# Picked Up 2 Stingrays...opinions?



## mattykins78 (Jul 23, 2016)

I picked up the below...one purple boys single speed stingray (year unknown, anyone??)
Also picked up a 5 speed Bicentennial.  I didn't buy these to restore or flip, but rather clean up meticulously and re-cable/re-grease for my kids...opinions?  I paid $35 each.


----------



## jkent (Jul 23, 2016)

Can't go wrong with $35 each. Not even my thing but I would have bought them for that just to save them from getting into the wrong hands.
They both look pretty complete and also look like they would clean up nicely.
Good Job!
JKent


----------



## mcmfw2 (Jul 25, 2016)

The violet looks like a late 1966 model and should clean up pretty well...being that it has a front caliper it should be a blue band 2 speed kickback.

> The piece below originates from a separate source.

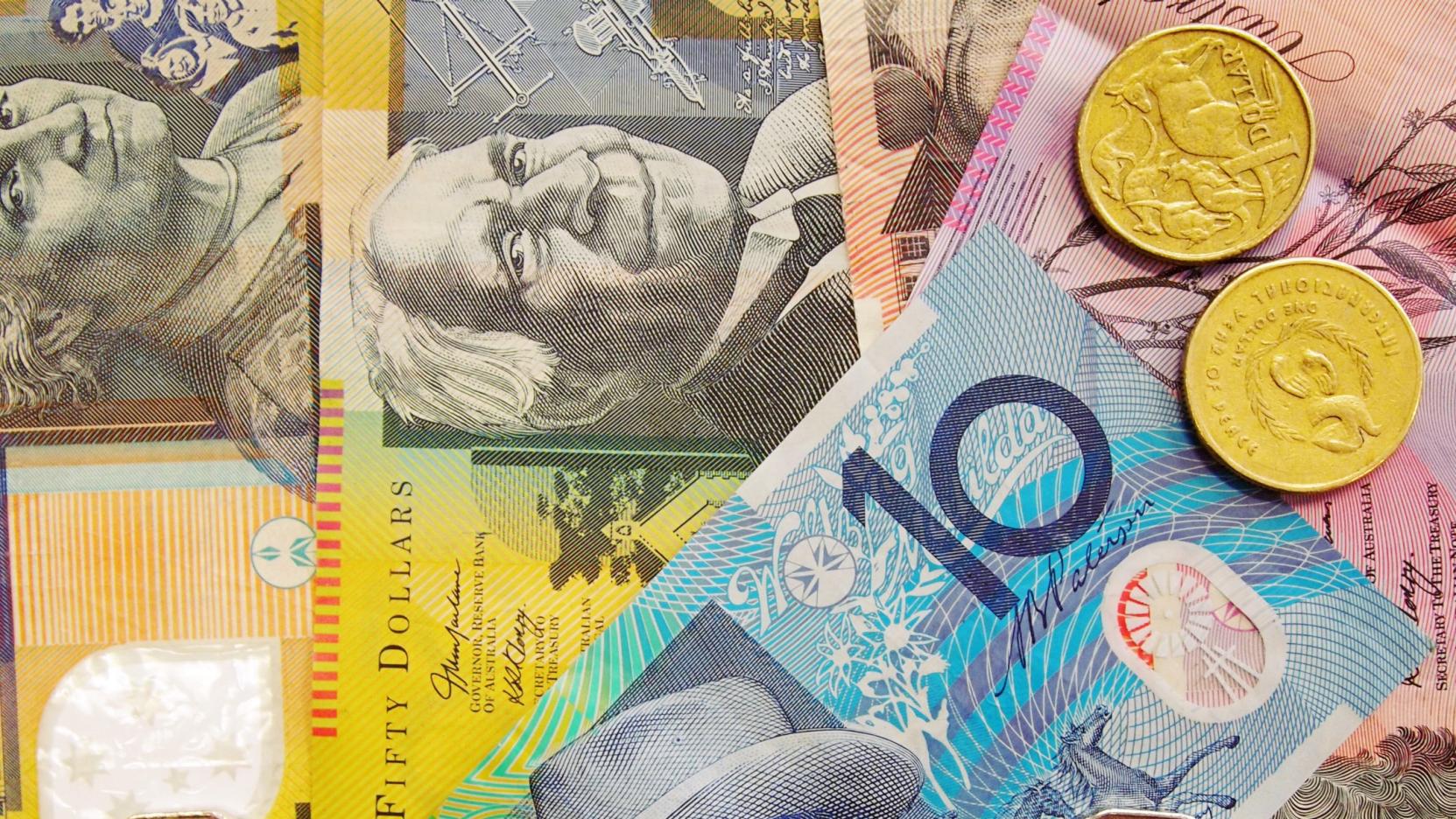 Description: A pile of australian money with a few coins on top of it and a few coins on the bottom.
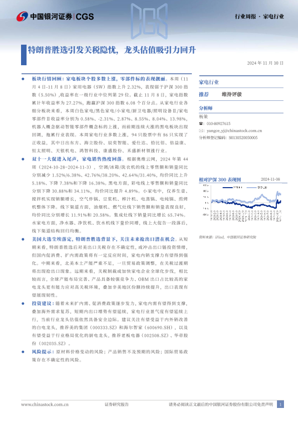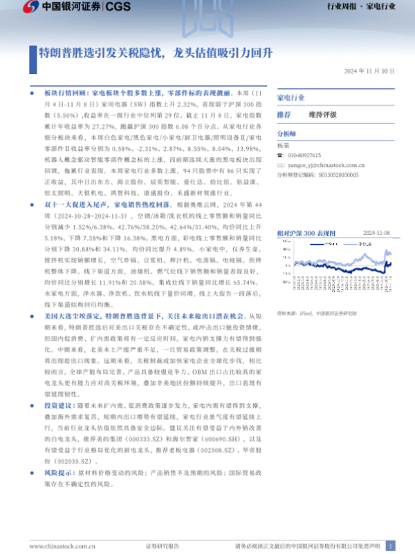 【银河证券】【20241108】20241110-中国银河-家电行业行业周报:特朗普胜选引发关税隐忧,龙头估值吸引力回升-10页

Congrats


----------



## Freqman1 (Jul 25, 2016)

Look on left rear drop out of purple bike for serial number and you show the serial of the white bike so just use the Schwinn serial number charts to date them. I agree with others--you can't go wrong at $35 each on those and they should make nice riding bikes. I was riding wheelies on my roached '64 yesterday--oh yea I'm 54 and still a kid! V/r Shawn


----------



## Jive Turkey (Jul 25, 2016)

If you want to quadruple your money on the violet one let me know.


----------



## Jive Turkey (Jul 25, 2016)

Freqman1 said:


> I was riding wheelies on my *roached* '64 yesterday




You spelled *bitchin' *incorrectly.


----------



## 4130chromoly (Aug 14, 2016)

wow... wish i was that lucky!


----------



## Sped Man (Aug 15, 2016)

Congrats. Your kids will love them.


----------



## Overhauler (Aug 15, 2016)

Handle bars on the purple one looks like 67 bars, what's the serial # ?
Lee.....


----------